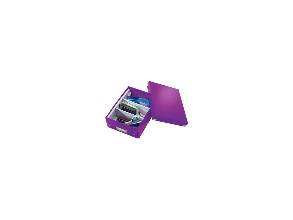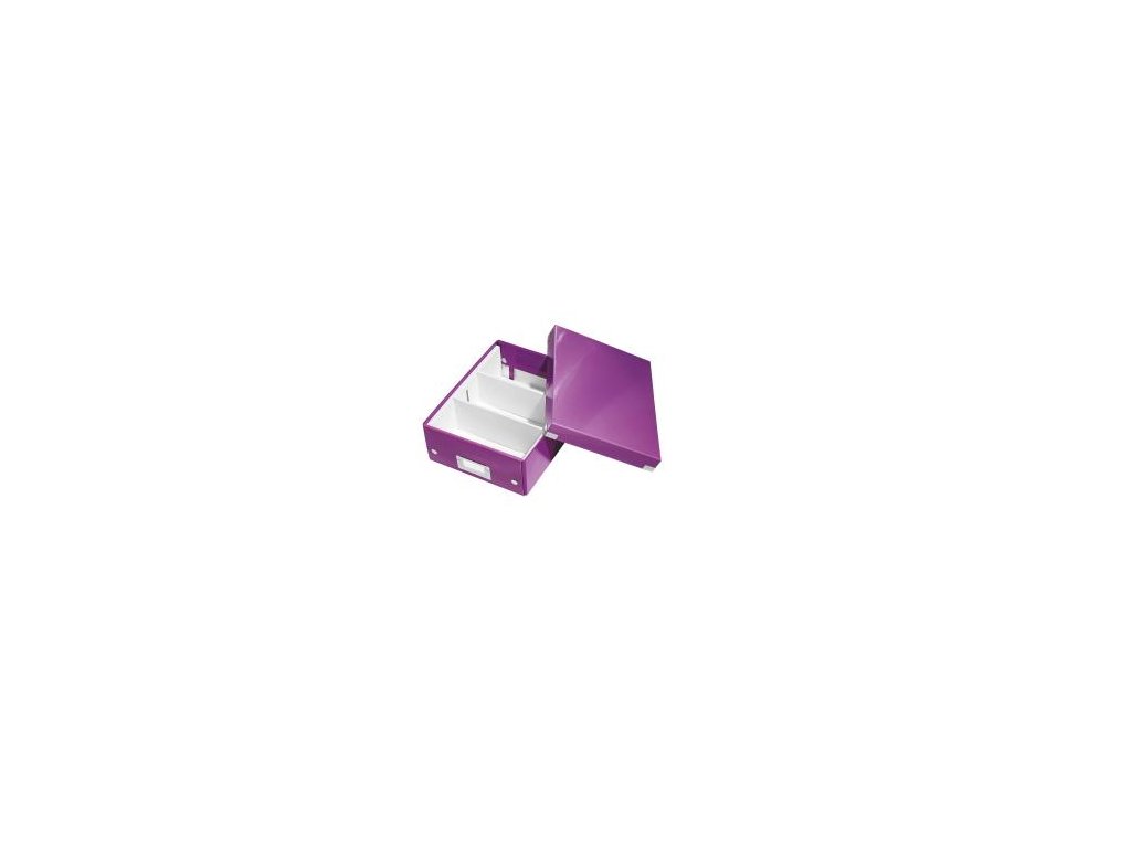 Malá štýlová skladacia krabica s vekom a s rámčekom na štítok. Na usporiadanie nabíjačiek, káblov a ďalšieho vybavenia kancelárie. Veľkosť S. Na prvý pohľad vidíte, čo sa vojde dovnútra! Výška krabice bola navrhnutá tak, aby vám poskytla dostatok priestoru na uloženie príslušenstva a zároveň zabránila skladaniu vecí na seba. Na vylepšenie usporiadania obsahu krabice použite priložený vnútorný systém priehradiek. Môžete rozdeliť krabicu na 2 alebo 3 časti a zabrániť tak miešaniu káblov alebo fotiek. Inteligentná skladacia konštrukcia: rýchle a jednoduché zloženie bez nutnosti použitia skrutiek a možnosť opätovného rozloženia na úsporu miesta, keď krabicu práve nepotrebujete. Moderný vzhľad a farby na skrášlenie vašej kancelárie alebo domova. Lesklé vyhotovenie vytvára prvotriedny vzhľad krabice a umožňuje dlhodobé používanie a jednoduché utieranie prachu. Rámček na štítok pre jednoduché označenie obsahu. Materiál pevný kartón potiahnutý polaminovaným papierom. Farba purpurová.
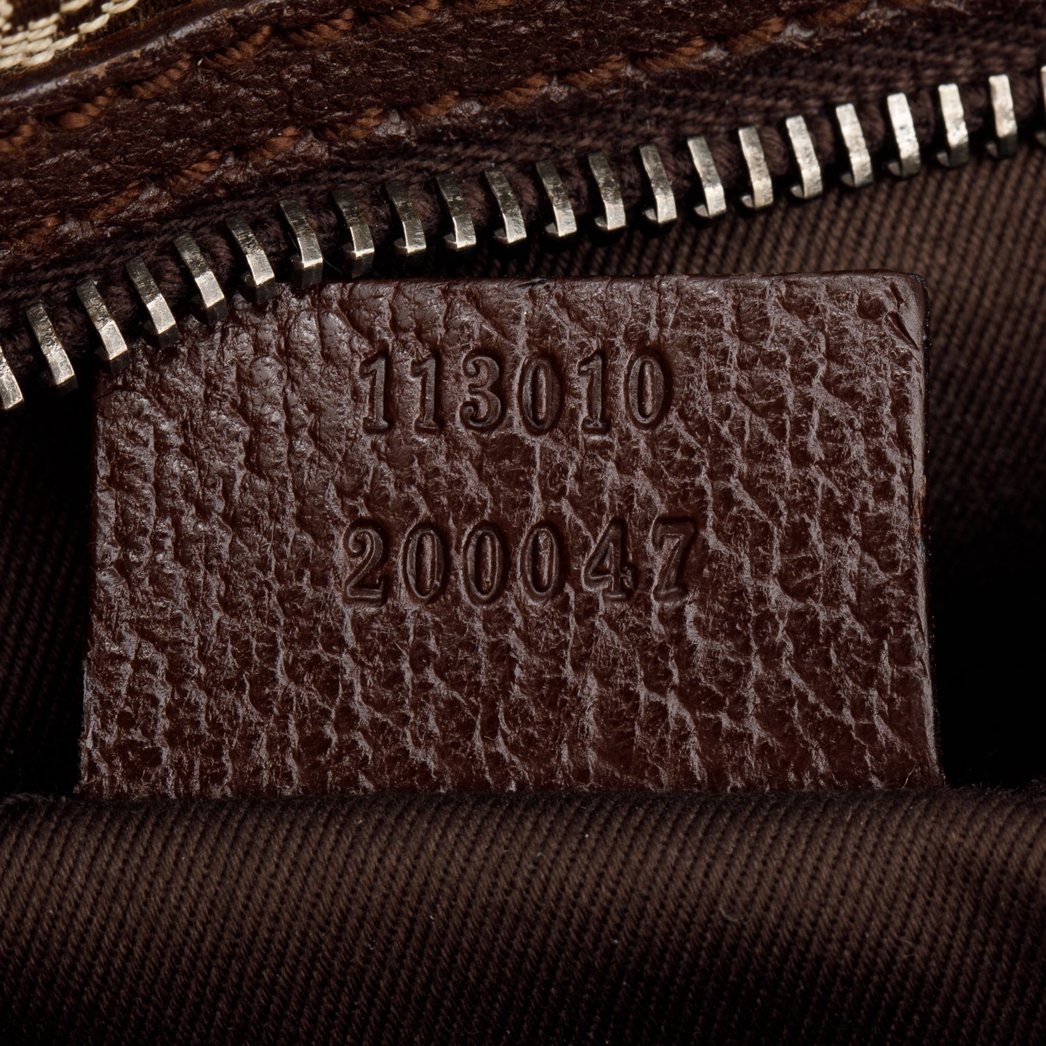 Condition: Very Good; minor scuffing at exterior corners and leather base; slight creasing and wear at leather handles; minor marks at interior.
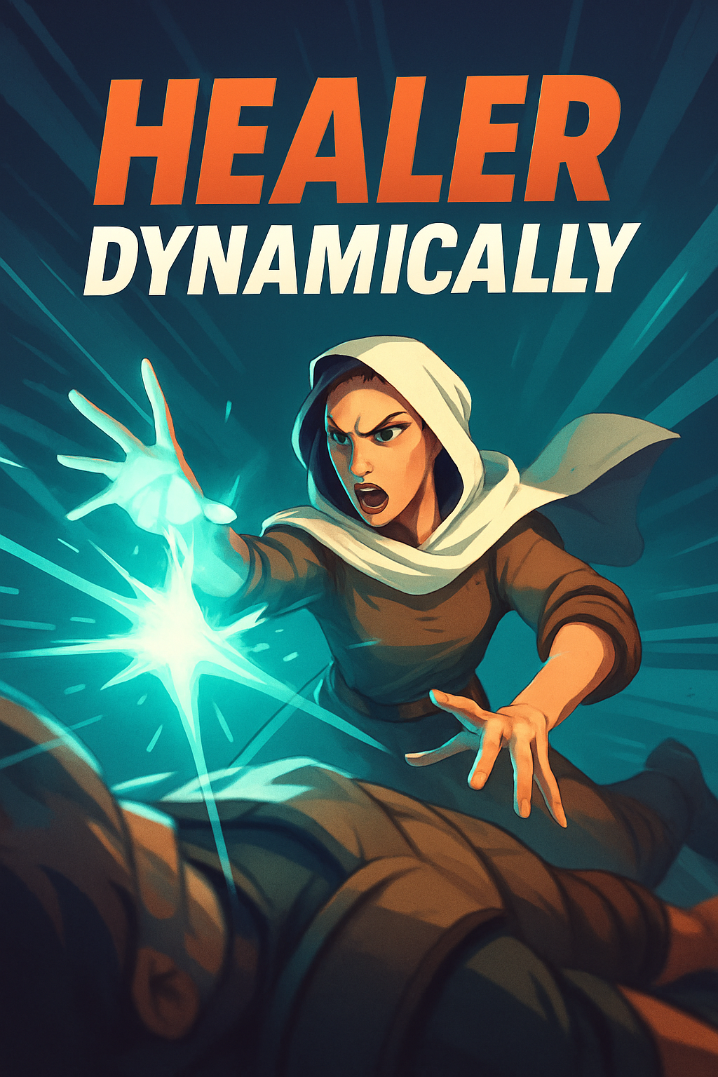Dynamic Healer Illustration with Bold Title Elements
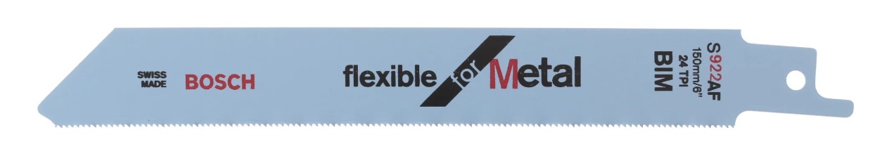 Η σπαθόλαμα S 922 AF Flexible for Metal πραγματοποιεί εύκολες κοπές σε μέταλλο. Το πολύ λεπτό βήμα δοντιού και τα κυματοειδή δόντια επιτρέπουν ομαλές κοπές σε λεπτά υλικά. Επιπλέον, η διμεταλλική λάμα είναι κατασκευασμένη να έχει μεγάλη διάρκεια ζωής όταν χρησιμοποιείται για χάλυβα κανονικής αντοχής. Διαθέτει ένα πολύ λεπτό βήμα δοντιού (1 mm) για κοπή χαλύβδινων σωλήνων και προφίλ με πάχος τοιχωμάτων από 0,7 mm έως 3 mm. Το τυπικό της μήκος 150 mm εξασφαλίζει ικανότητα κοπής έως και 100 mm. Για χρήση με σπαθόσεγα σε συστήματα με στέλεχός γενικής χρήσης 1/2 ίντσας. Λεπτές λαμαρίνες (0,7-3 mm), λεπτοί σωλήνες/προφίλ (Ø <100 mm), ξεκούραστη, λεπτή κοπή.
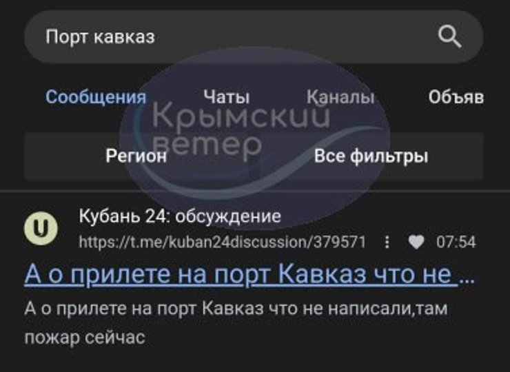 Моніторинговий паблік "Кримський вітер" також звернув увагу на те, що у російських соцмережах видаляють повідомлення про приліт у порт "Кавказ".
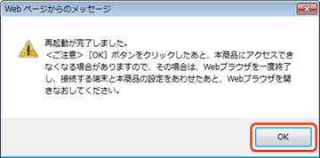 完了すると、再起動完了のダイアログが表示されます。IP電話ランプが緑点灯していることを確認し、「OK」をクリックすると、トップページが表示されます。 |
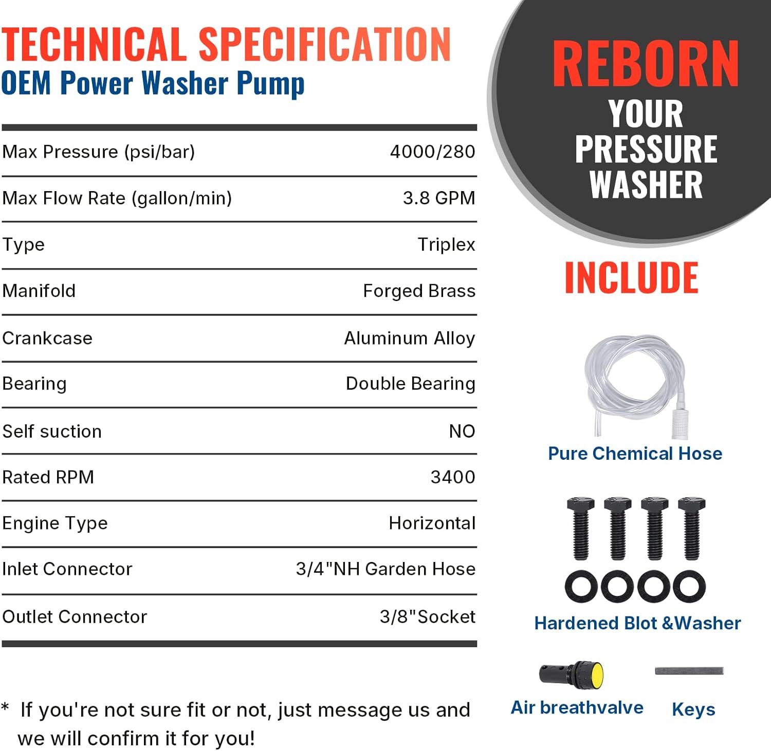 - [Excellent Durability] The YAMATIC horizontal triplex plunger pressure washer is made of high-strength materials, precision-machined, and rigorously tested to ensure excellent performance under long-term high-load operation, extend service life and reduce maintenance costs.
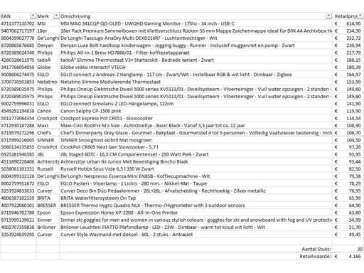 Dabei handelt es sich um eine Charge von zurückgegebenen A-Marken-Waren von einem großen Online-Händler. Die Charge besteht aus verschiedenen Produktkategorien. Anzahl der Stücke: 30. Verkaufswert: €4166,- Unkontrolliert: Betrieb unbekannt (Mischung von
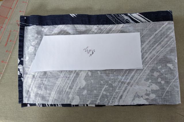 My experience with men’s shirts is that when I remove the cuff, the sleeve length is just shy of full length. Also because the pleat is released from the cuff, the sleeve bottom becomes a bit wider. After removing the cuff and looking at the result, I wanted even more flare to create a bell shape at the cuff. Solution? Add a godet in the sleeve placket using the cuff corner. Space for a second godet was created by making a pinked cut along the underarm seam and inserting the other cuff corner as seen in the picture below.

* **The task**
Write out again, exactly, only the lines from the beginning of the material above to the line that holds "Dynamic Healer Illustration", both ends included, and no pictures.

* **Solution**
 Malá štýlová skladacia krabica s vekom a s rámčekom na štítok. Na usporiadanie nabíjačiek, káblov a ďalšieho vybavenia kancelárie. Veľkosť S. Na prvý pohľad vidíte, čo sa vojde dovnútra! Výška krabice bola navrhnutá tak, aby vám poskytla dostatok priestoru na uloženie príslušenstva a zároveň zabránila skladaniu vecí na seba. Na vylepšenie usporiadania obsahu krabice použite priložený vnútorný systém priehradiek. Môžete rozdeliť krabicu na 2 alebo 3 časti a zabrániť tak miešaniu káblov alebo fotiek. Inteligentná skladacia konštrukcia: rýchle a jednoduché zloženie bez nutnosti použitia skrutiek a možnosť opätovného rozloženia na úsporu miesta, keď krabicu práve nepotrebujete. Moderný vzhľad a farby na skrášlenie vašej kancelárie alebo domova. Lesklé vyhotovenie vytvára prvotriedny vzhľad krabice a umožňuje dlhodobé používanie a jednoduché utieranie prachu. Rámček na štítok pre jednoduché označenie obsahu. Materiál pevný kartón potiahnutý polaminovaným papierom. Farba purpurová.
 Condition: Very Good; minor scuffing at exterior corners and leather base; slight creasing and wear at leather handles; minor marks at interior.
Dynamic Healer Illustration with Bold Title Elements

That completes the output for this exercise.